Every line of the listing below should be written out exactly, minus its pictures.

START SOURCE DATA

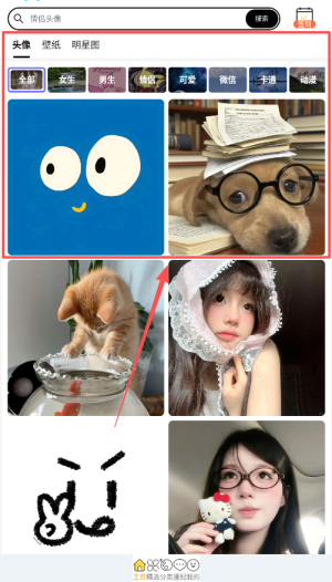 1、打开应用后浏览丰富头像分类,依据喜好选择合适类型,轻松找到既符合自身风格又时尚的头像。
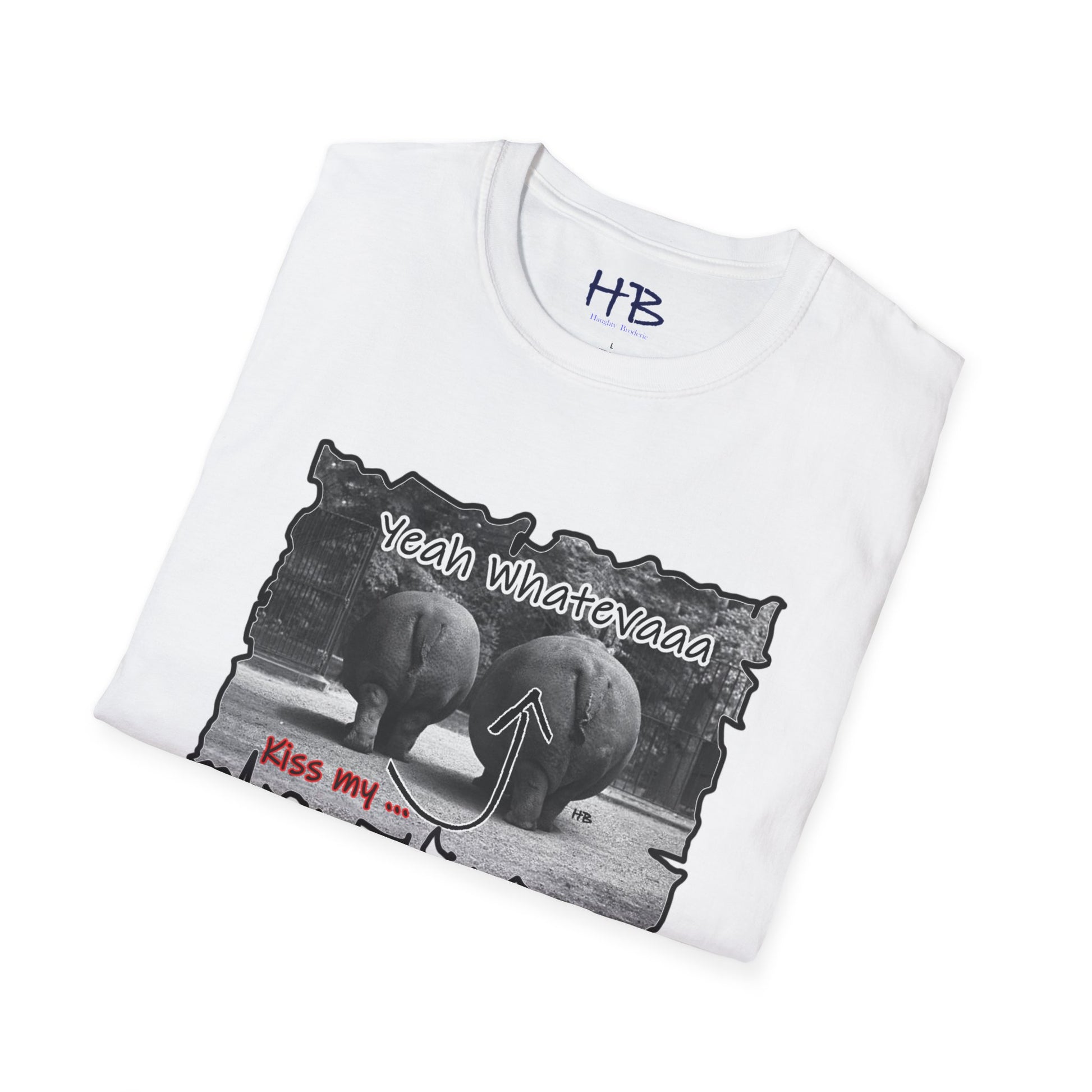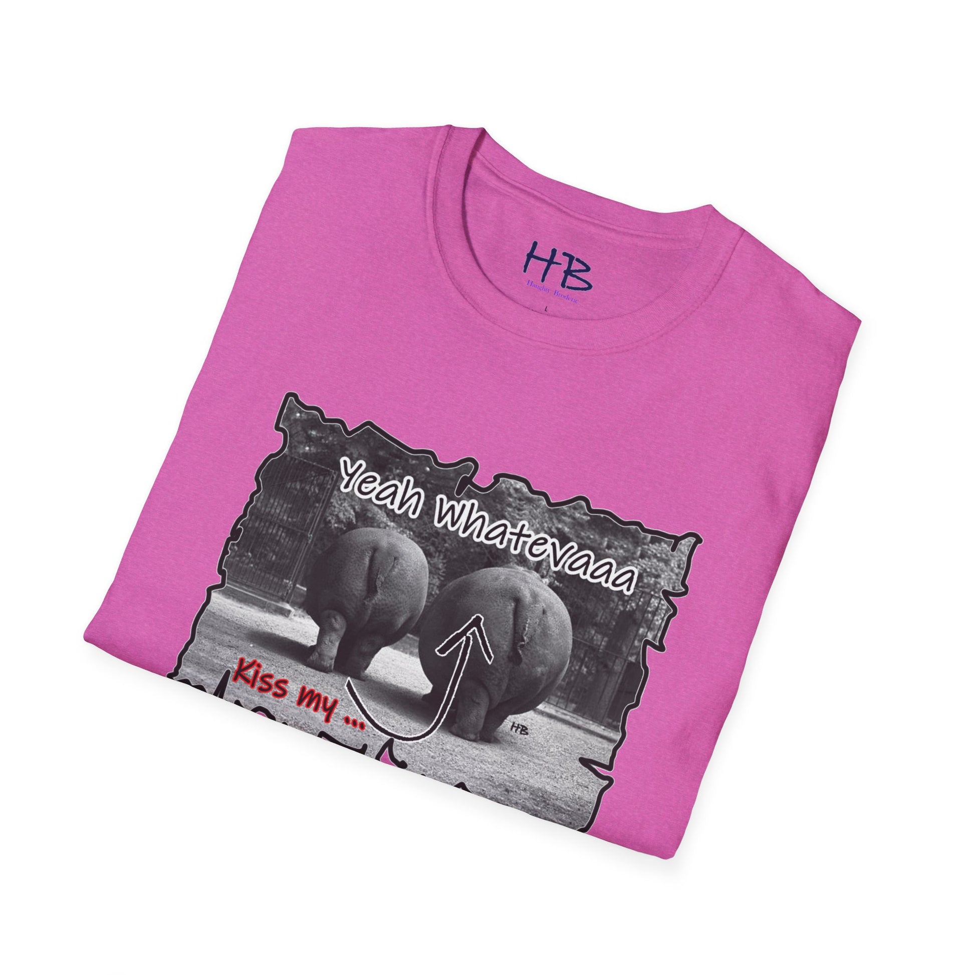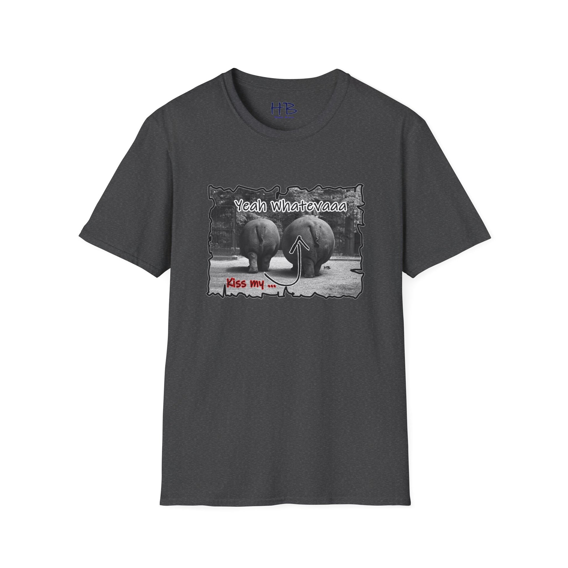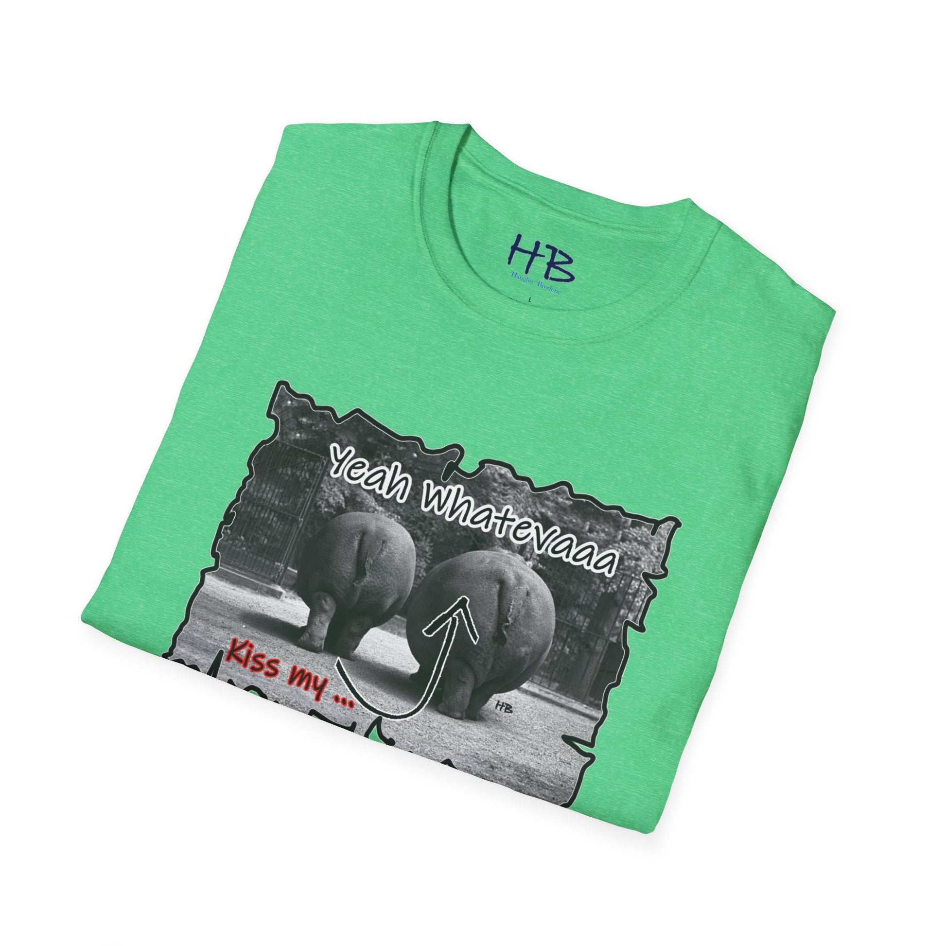 But this tee shirt is more than just an outlet for frustration; it's a reminder that humor can be a powerful antidote to the annoyances of modern life. --- **"Humorous Hippo Image Attire"** **"Irreverent Hippo Backside Tee"** **"Laugh-Inducing Hippo Apparel"** **"Quirky Hippo Graphic Top"** **"Cheeky Hippo Design Garb"** **"Whimsical Hippo Illustration Wear"** **"Sarcastic Hippo Departure Outfit"** **"Witty Hippo Posterior Attire"** **"Hilarious Hippo Graphic Shirt"** **"Amusing Hippo Farewell Tee"** **"Jovial Hippo Exit Apparel"** **"Good-Humored Hippo Parting Garment"** **"Playful Hippo Behind Design"** **"Lighthearted Hippo Graphic Top"** **"Tongue-in-Cheek Hippo Image Wear"** **"Fun-Loving Hippo Departure Shirt"** **"Entertaining Hippo Posterior Attire"** **"Chuckling Hippo Graphic Outfit"** **"Mirthful Hippo Farewell Tee"** **"Grinning Hippo Exit Apparel"** **"Joyous Hippo Farewell Garment"** --- **Universal Relatability:** Everyone encounters exasperating moments, making this tee shirt instantly relatable to people from all walks of life. **Stress Relief:** Wearing this tee shirt can serve as a humorous stress reliever, allowing you to laugh off annoyances. **Subtle Expression:** It provides a subtle and light-hearted way to convey your feelings when words fail you. **Unity Through Humor:** It's a reminder that laughter is a unifying force, bringing people together through shared experiences. **Positive Perspective:** Encouraging people to see the funny side of life's challenges, even when it means saying, "Yeah whatevaaa." **Confidence Booster:** Wearing this tee shirt signifies a carefree attitude and a sense of confidence in the face of annoyance. **Peaceful Parting:** Instead of confrontation, it suggests a peaceful parting of ways when necessary. **Conversation Starter:** It sparks conversations about the quirks of human behavior and the power of humor. **Modern Resilience:** In today's fast-paced world, it's a humorous symbol of resilience, showing that you can face annoyances with a smile. **Empowerment:** By wearing this tee shirt, you empower yourself to tackle everyday irritations with humor and grace. --- This tee shirt is more than just fashion; it's a statement piece that encapsulates the spirit of our times. It reminds us that in a world full of annoyances, a good laugh can be the best response. So, step out with a smile, and let the world know that when faced with exasperation, you can always say, "Yeah whatevaaa. Kiss my..." --- The unisex soft-style t-shirt puts a new spin on casual comfort.
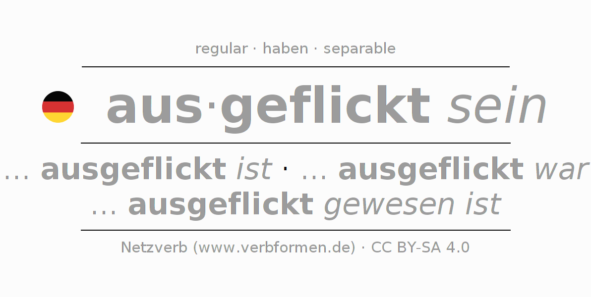 The conjugation of ausflicken in Participle Present Perfect part of speech Statal Passive is ausgeflickt seiend, ausgeflickt gewesen.The conjugation corresponds to certain grammatical rules. Likewise the requirements for the conjugation of the simple verb forms of ausflicken in Participle. Comments ☆

END SOURCE DATA

◆ RESULT BELOW
 1、打开应用后浏览丰富头像分类,依据喜好选择合适类型,轻松找到既符合自身风格又时尚的头像。
 But this tee shirt is more than just an outlet for frustration; it's a reminder that humor can be a powerful antidote to the annoyances of modern life. --- **"Humorous Hippo Image Attire"** **"Irreverent Hippo Backside Tee"** **"Laugh-Inducing Hippo Apparel"** **"Quirky Hippo Graphic Top"** **"Cheeky Hippo Design Garb"** **"Whimsical Hippo Illustration Wear"** **"Sarcastic Hippo Departure Outfit"** **"Witty Hippo Posterior Attire"** **"Hilarious Hippo Graphic Shirt"** **"Amusing Hippo Farewell Tee"** **"Jovial Hippo Exit Apparel"** **"Good-Humored Hippo Parting Garment"** **"Playful Hippo Behind Design"** **"Lighthearted Hippo Graphic Top"** **"Tongue-in-Cheek Hippo Image Wear"** **"Fun-Loving Hippo Departure Shirt"** **"Entertaining Hippo Posterior Attire"** **"Chuckling Hippo Graphic Outfit"** **"Mirthful Hippo Farewell Tee"** **"Grinning Hippo Exit Apparel"** **"Joyous Hippo Farewell Garment"** --- **Universal Relatability:** Everyone encounters exasperating moments, making this tee shirt instantly relatable to people from all walks of life. **Stress Relief:** Wearing this tee shirt can serve as a humorous stress reliever, allowing you to laugh off annoyances. **Subtle Expression:** It provides a subtle and light-hearted way to convey your feelings when words fail you. **Unity Through Humor:** It's a reminder that laughter is a unifying force, bringing people together through shared experiences. **Positive Perspective:** Encouraging people to see the funny side of life's challenges, even when it means saying, "Yeah whatevaaa." **Confidence Booster:** Wearing this tee shirt signifies a carefree attitude and a sense of confidence in the face of annoyance. **Peaceful Parting:** Instead of confrontation, it suggests a peaceful parting of ways when necessary. **Conversation Starter:** It sparks conversations about the quirks of human behavior and the power of humor. **Modern Resilience:** In today's fast-paced world, it's a humorous symbol of resilience, showing that you can face annoyances with a smile. **Empowerment:** By wearing this tee shirt, you empower yourself to tackle everyday irritations with humor and grace. --- This tee shirt is more than just fashion; it's a statement piece that encapsulates the spirit of our times. It reminds us that in a world full of annoyances, a good laugh can be the best response. So, step out with a smile, and let the world know that when faced with exasperation, you can always say, "Yeah whatevaaa. Kiss my..." --- The unisex soft-style t-shirt puts a new spin on casual comfort.
 The conjugation of ausflicken in Participle Present Perfect part of speech Statal Passive is ausgeflickt seiend, ausgeflickt gewesen.The conjugation corresponds to certain grammatical rules. Likewise the requirements for the conjugation of the simple verb forms of ausflicken in Participle. Comments ☆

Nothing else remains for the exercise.